Python 批量转目录下的c语言的注释为英文

程序菜鸟一只

已于 2024-07-25 17:19:46 修改

阅读量302

点赞数 4

文章标签： python c语言

于 2024-07-25 16:52:14 首次发布

本文链接：https://blog.csdn.net/sbsbsb666666/article/details/140693161

版权

因为目前很多厂家提供的程序都是中文注释, 在一些场合下会导致乱码问题，就花了半天时间写了一个脚本用于批量将 c 语言文件中的注释批量翻译为英文，一方面可以便于统一注释，同时也避免了乱码问题。

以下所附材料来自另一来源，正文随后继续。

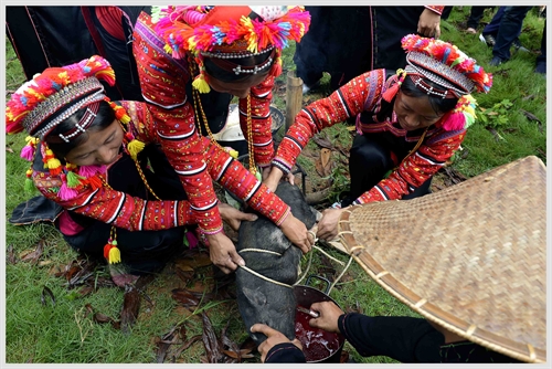 Les filles apportent des offrandes à la grande terrasse au bout du village pour faire des cérémonies.
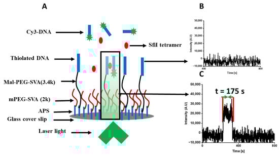 Schematic of TAPIN approach utilized to study the intermolecular interaction of SfiI–DNA using an objective-based TIRF microscope. (A) A DNA duplex is tethered to the glass surface through thiol chemistry, SfiI is present in the solution, and a fluorophore-labeled (Cy3) DNA duplex is added to the solution. The DNA substrates cannot interact without SfiI mediating the interaction and will not give any signal (B). However, when a complex is formed between SfiI and the two DNA substrates, a fluorescence burst, due to the association and dissociation of a SfiI–DNA complex within the evanescent field, is detected (C). The dwell time between association and dissociation events are recorded as the lifetime of the complexes.
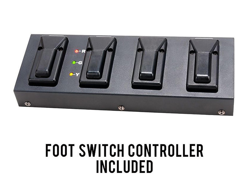 Engineered for reliability and portability, the Dotz TPar Sys Plus is constructed with top-quality materials, boasting 50,000-hour rated LEDs, ensuring durability and flicker-free performance. It’s easy to set-up, operator and take down. This portable lighting system includes four adjustable COB LED Par Wash fixtures, a foot controller, lighting stand, RF remote control, stand bag, and a soft case for the entire system.
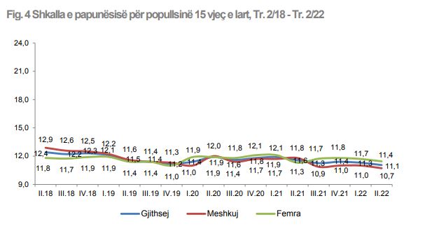Shkalla zyrtare e papunësisë për burrat është 10,7 % dhe për gratë 11,4 %. Krahasuar me të njëjtin tremujor të vitit 2021, shkalla e papunësisë është ulur me 1,1 pikë përqindje për burrat dhe është rritur me 0,1 pikë përqindje për gratë.
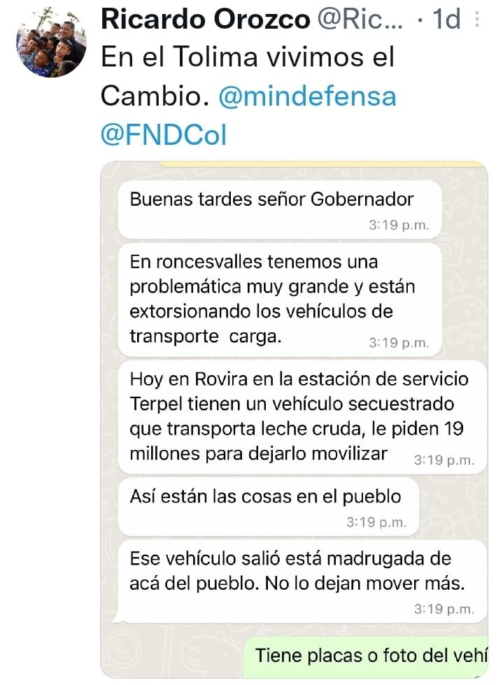 El funcionario, Eyber Javier Triana señaló que la denuncia se la hicieron al gobernador Orozco a través de mensajes de whatsapp donde advirtieron de secuestros a vehículo de carga, por los que estarían exigiendo gruesas sumas de dinero para permitir su movilidad, pero que de manera formal nadie se ha acercado a las autoridades para dar a conocer lo sucedido.
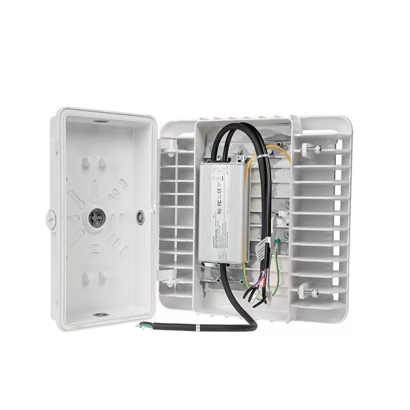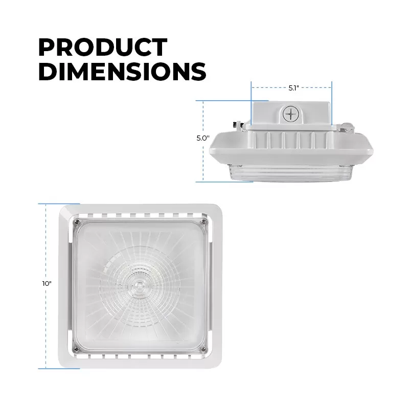 The 75W LED Parking Garage Canopy Light replaces up to 250W metal halide fixtures, lowering maintenance and energy costs. The fixture is constructed of a durable aluminum housing and a polycarbonate lens. The light is suitable for wet locations with the IP65 waterproof rating. Surface mount using the 1/2“ conduit entry points on the side and pendant mount using the 3/4“ conduit entry point on the top. Install in parking garages, covered walkways, and stairwells.
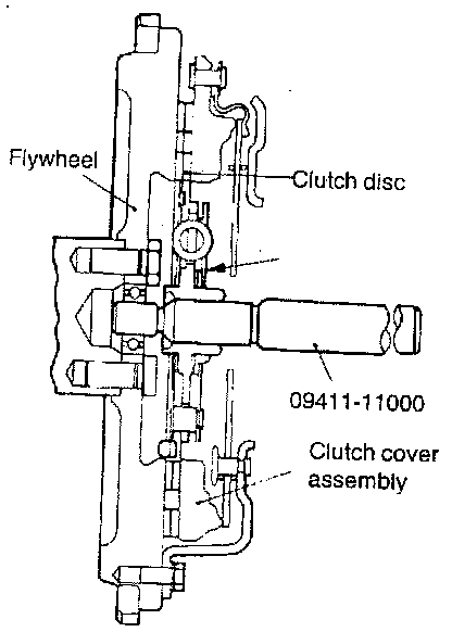 2. Insert the special tool (09411 - 11000) or equivalent, at the center spline (in order to prevent the clutch disc from falling).

此代码支持python3.x运行, 只需要在python中加入如下包:

pip install  translators

支持转换的注释类型

提醒: 翻译前记得先备份! 如果翻译中网络等出了问题, 则文件可能丢失, 所以一定先做好备份!

首先支持如下几种格式的注释转换(一般正确格式示例)

/*********** 第一个 ****************
* 注释1 
* 注释2
**/
int a = 1;   // 可转换为英文
int b = 2;   /* 正确转换 */ 
int c = 3;   /* 注释1
			* 这样也支持
			*/

// 转换部分
/* 均可以转换 */
int func(){
}

错误使用和不能转换的情况

首先需要说明的是, 对于转换的注释, 有一定的格式要求, 具体如下 :

对于单行注释, 如果单行直接以 // 或者 \* 开头, 则会将整行均视为注释, 例如: 如下格式是不允许出现的，即不建议将注释放在语句后面:

/* 中文注释 */  int a = 1 ;

对于多行注释, 每一行均必须以 * 进行开头, 否则将不会进行转换:

/*
 *   正确的语句: 此句进行翻译
     错误: 此句话不进行翻译
 ******************/

所有注释均尽可能不出现 “;”, 否则将会视为程序语句, 不执行翻译

/*
*         这是多行注释;     // 注意: 此处由于加上分号, 则为了避免有
*/

不要把分号挪在下一行, 例如

int a = 1   // comment : 正确写法是 int a = 1; + 注释
;

这样可能会导致将前面一并翻译;

代码部分

这个转换注释的代码也是非常简单的, 此处我使用了 bing 作为 translator 的 API, 但有的句子 bing 翻译出会保留部分中文, 则改用 google 引擎翻译。

import os
import re
import time
import warnings
import concurrent.futures
import translators as ts

open_encoding = 'gbk'
dst_encoding = 'utf-8'
max_retry_time = 3
translator = 'bing'
use_google_for_better_trans = True

def translate_comments(file_path):
    cnt = 0
    with open(file_path, 'r', encoding=open_encoding) as f:
        lines = f.readlines()
    with open(file_path, 'w', encoding=dst_encoding) as f:
        for line in lines:
            # Find comments in the line
            comments = re.findall(r'//.*|/\* .*|\* .*', line)   # also  '*' will be  captured  here
            # remove the comments without Chinese Character
            comments = ['' if not re.search(r'[\u4e00-\u9fff]+', comment) else comment for comment in comments]
            comments = list(filter(None, comments))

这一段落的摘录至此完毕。